The Superior Court of New Jersey, Appellate Division, recently invalidated a regulation of the New Jersey Unemployment Compensation Act (UCA) that attempted to define, for the first time in codified form, the concept of “simple misconduct” by an employee that can limit his or her eligibility for unemployment benefits under the UCA. By way of background, the UCA (per N.J.A.C. 12:17-2.1, which was adopted in April 2015) established three “tiers” of misconduct to determine an employee’s eligibility for unemployment benefits: (1) gross misconduct; (2) severe misconduct; and (3) simple misconduct (defined as neither “severe misconduct” nor “gross misconduct” and which is an act of wanton or willful disregard of the employer’s interest, a deliberate violation of the employer’s rules, a disregard of standards of behavior that the employer has the right to expect of his or her employee, or negligence in such degree or recurrence as to manifest culpability, wrongful intent, or evil design, or show an intentional and substantial disregard of the employer’s interest or of the employee’s duties and obligations to the employer).
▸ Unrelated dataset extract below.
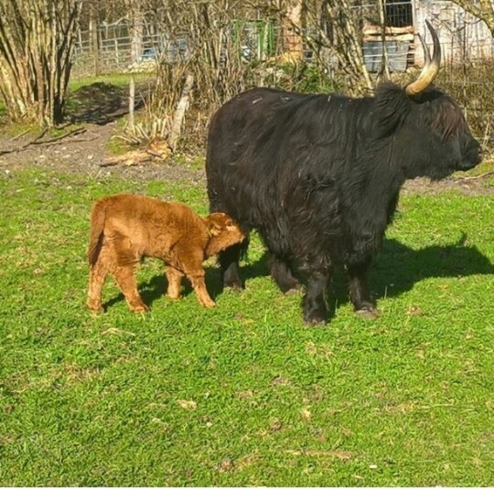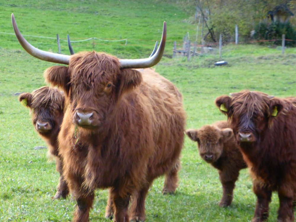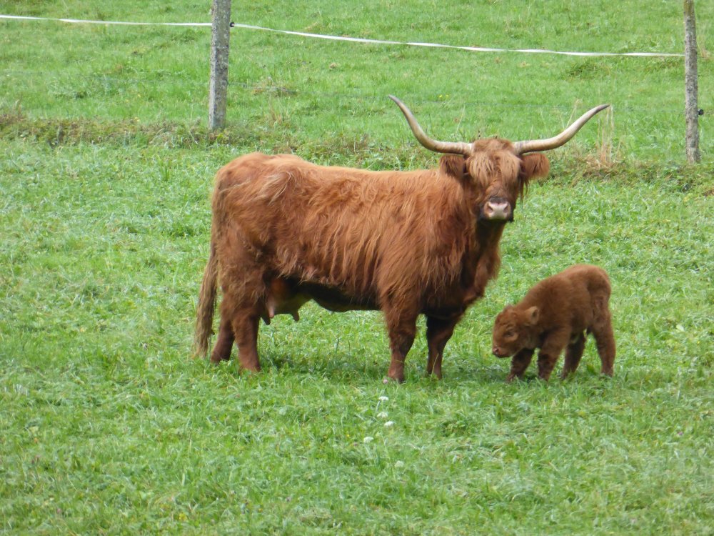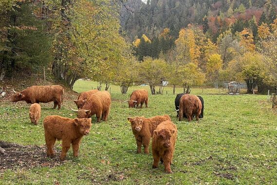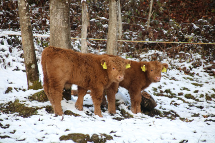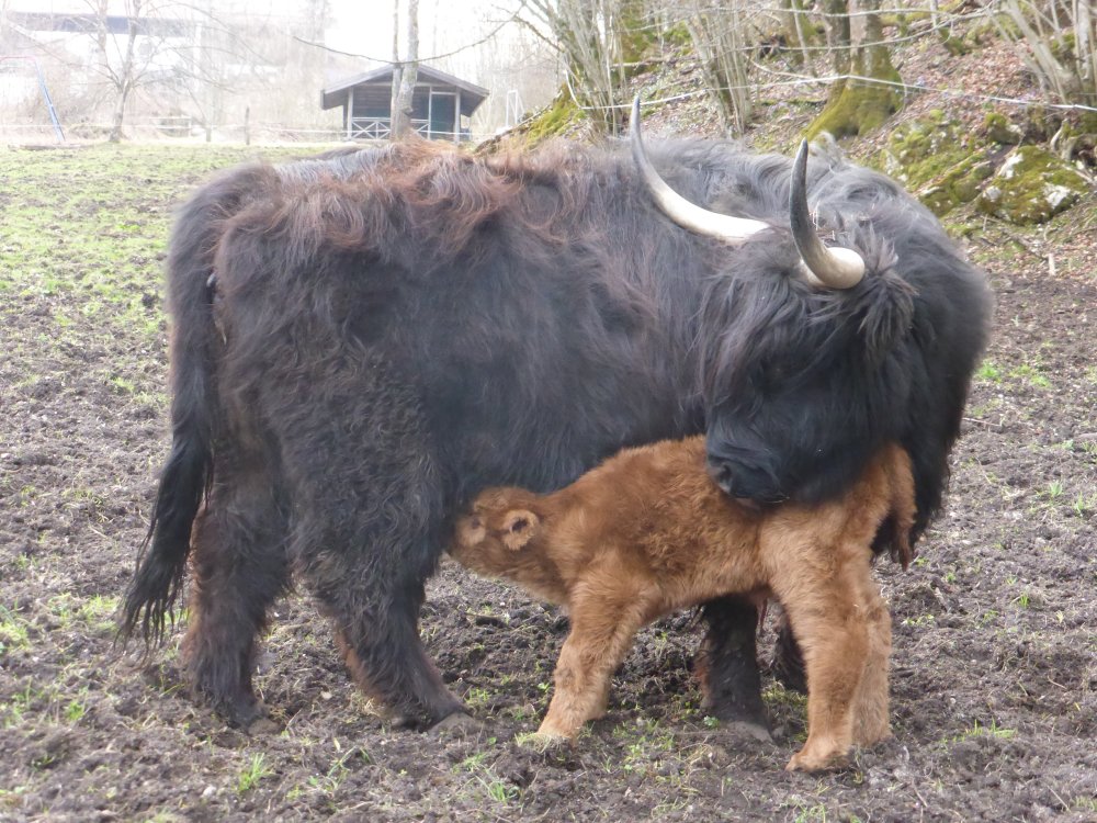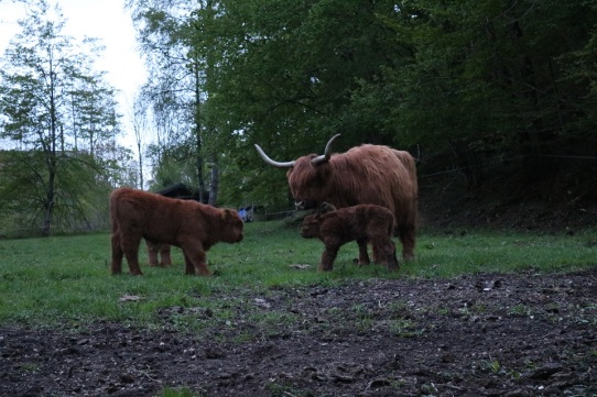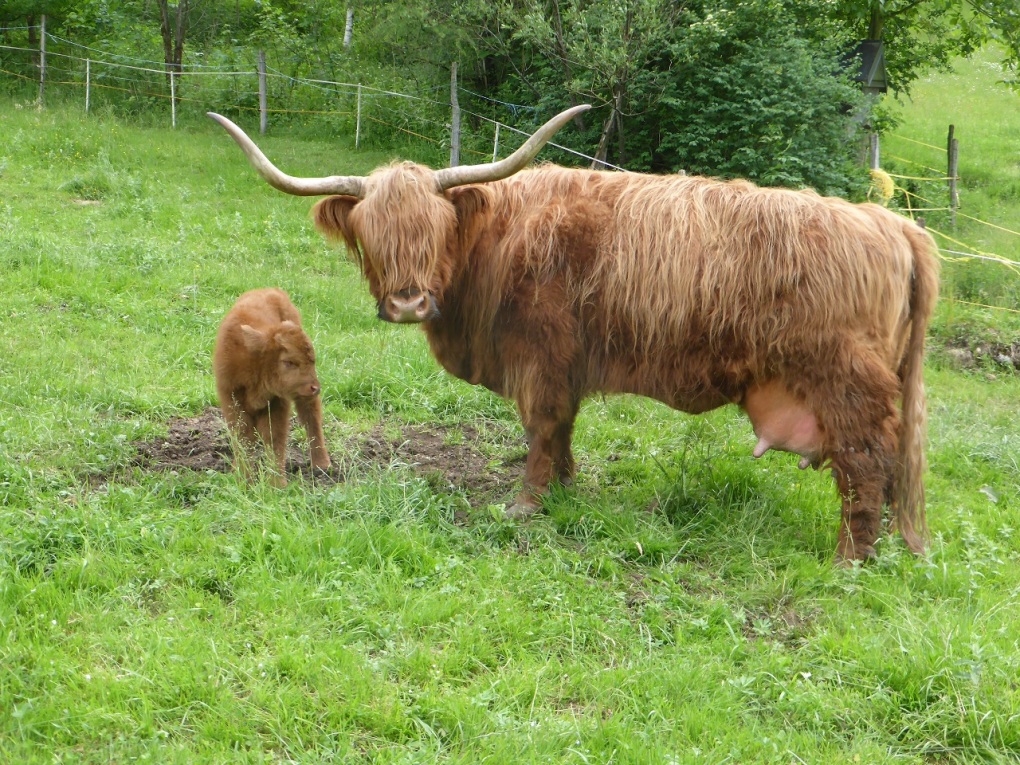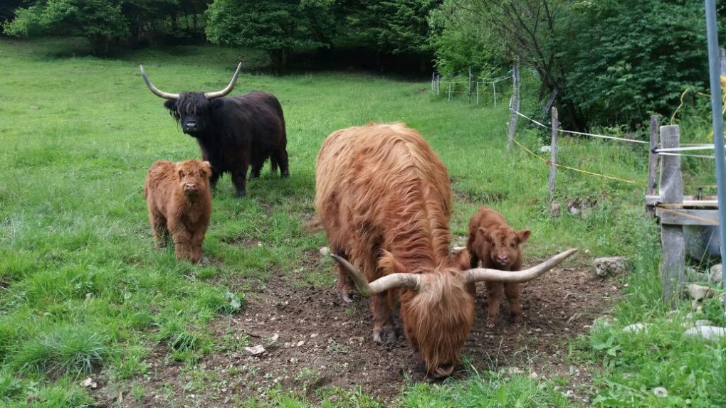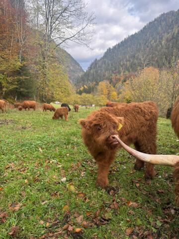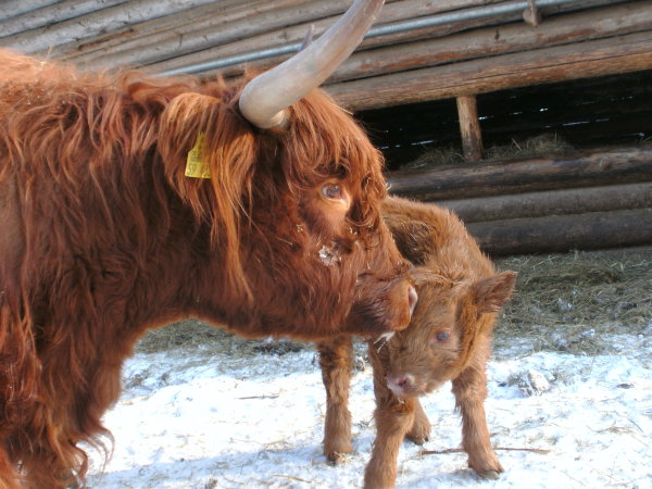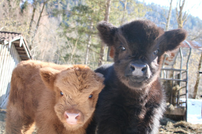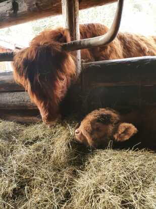 Der Abkalbezeitraum ab Spätherbst ermöglicht täglichen Kontakt mit der Herde mit viiieelen Striegel- und Streicheleinheiten für die Kälber und ihre Muttertiere. So werden die Kleinen von ganz allein handzahm, auch wegen ihrem Sonderzugang in den Stadel ;) . Besonders wohltuend für Mensch und Tier! |

The Appellate Division found that the regulation’s “simple misconduct” definition “confusingly mixes in concepts of ‘negligence’ with intent-based concepts such as ‘willful disregard,’ ‘evil design,’ ‘wrongful intent,’ and similar states of mind,” and invalidated the regulation as “arbitrary and capricious.” However, to avoid disruption in the statewide administration of the unemployment benefits program, the Appellate Division issued a stay of its decision for a 180-day period to enable the New Jersey Department of Labor and Workforce Development to take appropriate corrective action or, alternatively, pursue further review in the Supreme Court of New Jersey.